To see a full list of local images we can simply run the docker
command with the images
option.
# docker images
REPOSITORY TAG IMAGE ID CREATED VIRTUAL SIZE
nginx latest 9fab4090484a 5 days ago 132.8 MB
Building our own custom image
At this point we have used a few basic Docker commands to start, stop and remove a common pre-built image. In order to "Dockerize" this blog however, we are going to have to build our own Docker image and that means creating a Dockerfile.
With most virtual machine environments if you wish to create an image of a machine you need to first create a new virtual machine, install the OS, install the application and then finally convert it to a template or image.
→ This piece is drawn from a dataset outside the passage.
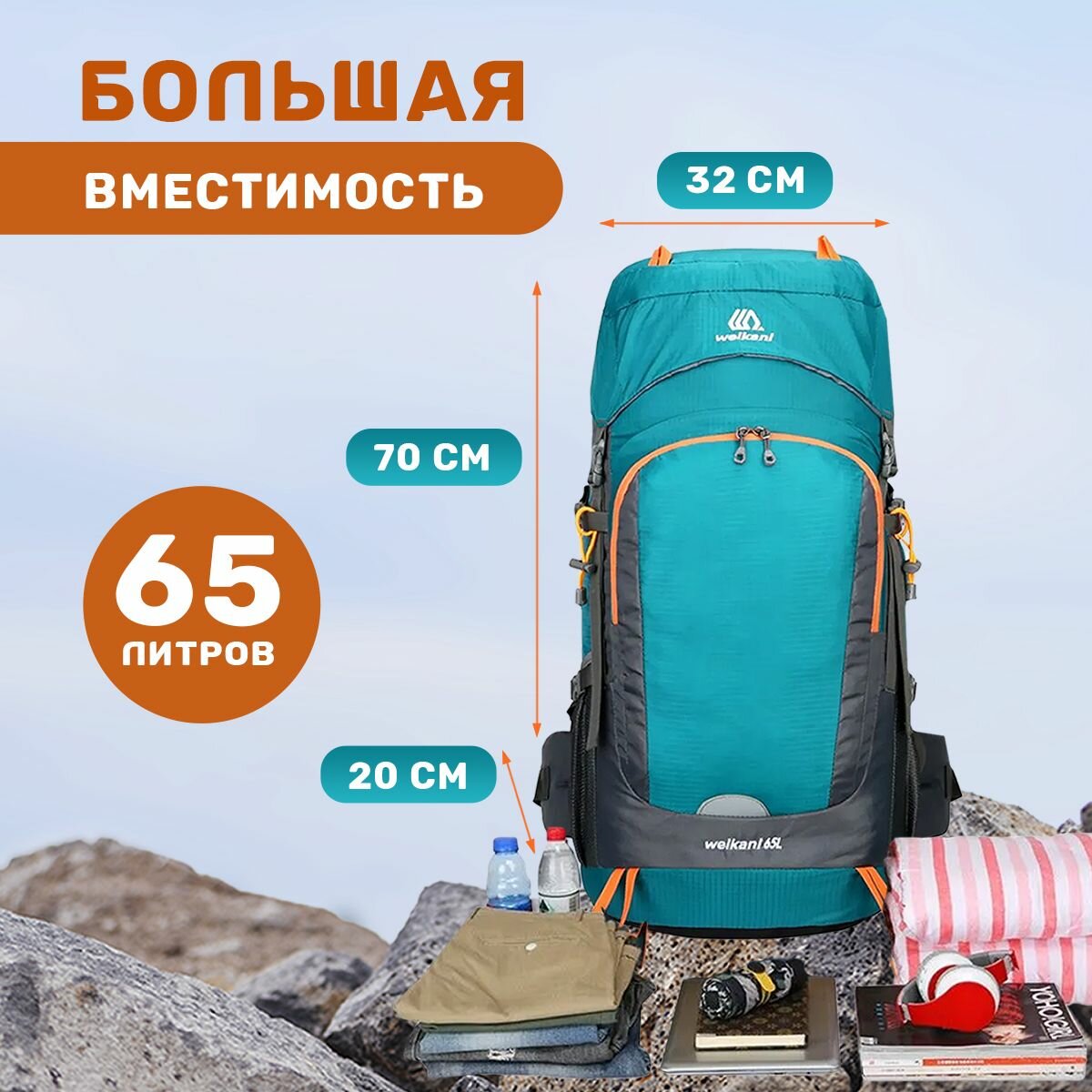 10 цен на Рюкзак туристический 65л, для похода и города, голубой

With Docker however, these steps are automated via a Dockerfile. A Dockerfile is a way of providing build instructions to Docker for the creation of a custom image. In this section we are going to build a custom Dockerfile that can be used to deploy this blog.
Understanding the Application
Before we can jump into creating a Dockerfile we first need to understand what is required to deploy this blog.
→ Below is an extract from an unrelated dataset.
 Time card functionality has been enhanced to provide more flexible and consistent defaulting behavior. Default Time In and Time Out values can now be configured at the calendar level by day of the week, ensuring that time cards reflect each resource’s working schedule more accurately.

The blog itself is actually static HTML pages generated by a custom static site generator that I wrote named; hamerkop. The generator is very simple and more about getting the job done for this blog specifically. All the code and source files for this blog are available via a public GitHub repository. In order to deploy this blog we simply need to grab the contents of the GitHub repository, install Python along with some Python modules and execute the hamerkop
application. To serve the generated content we will use nginx; which means we will also need nginx to be installed.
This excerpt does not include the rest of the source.